## Exercise
Exactly as written, transcribe the data from its opening line through the line containing "Product Story: Laos". Leave every picture out.

## The data
= Beginning of Section =
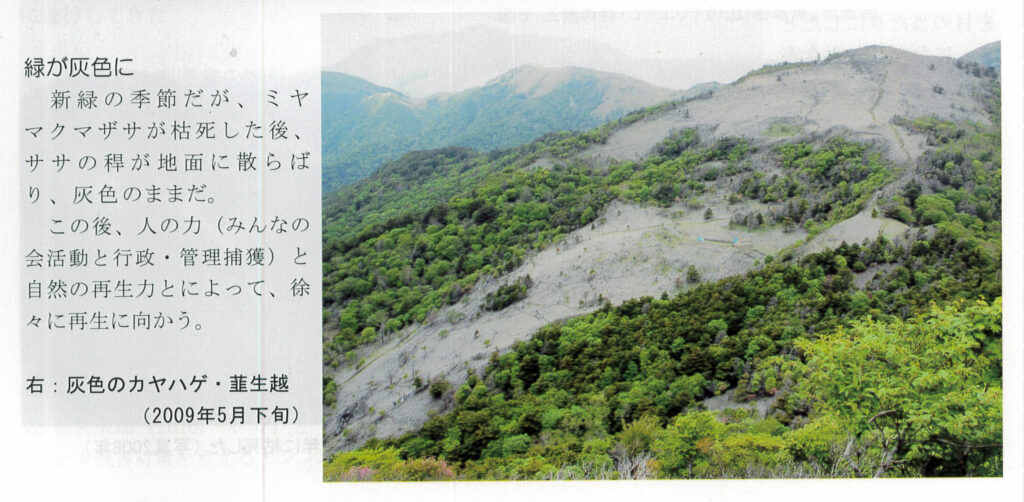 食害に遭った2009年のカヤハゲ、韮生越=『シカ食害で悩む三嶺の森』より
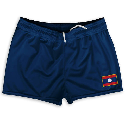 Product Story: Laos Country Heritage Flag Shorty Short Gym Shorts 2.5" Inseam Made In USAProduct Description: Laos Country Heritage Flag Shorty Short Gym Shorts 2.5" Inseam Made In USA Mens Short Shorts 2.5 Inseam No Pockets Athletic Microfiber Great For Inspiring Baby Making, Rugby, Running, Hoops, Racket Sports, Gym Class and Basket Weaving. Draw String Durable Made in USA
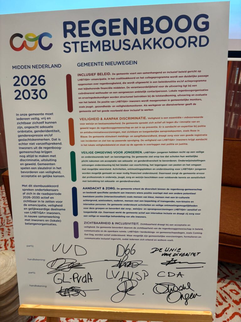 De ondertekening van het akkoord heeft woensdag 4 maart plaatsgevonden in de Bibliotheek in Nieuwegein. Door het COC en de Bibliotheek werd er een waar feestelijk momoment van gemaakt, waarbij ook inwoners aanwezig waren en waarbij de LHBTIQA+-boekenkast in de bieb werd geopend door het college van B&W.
= End of Section =
## Reply to the task
 食害に遭った2009年のカヤハゲ、韮生越=『シカ食害で悩む三嶺の森』より
 Product Story: Laos Country Heritage Flag Shorty Short Gym Shorts 2.5" Inseam Made In USAProduct Description: Laos Country Heritage Flag Shorty Short Gym Shorts 2.5" Inseam Made In USA Mens Short Shorts 2.5 Inseam No Pockets Athletic Microfiber Great For Inspiring Baby Making, Rugby, Running, Hoops, Racket Sports, Gym Class and Basket Weaving. Draw String Durable Made in USA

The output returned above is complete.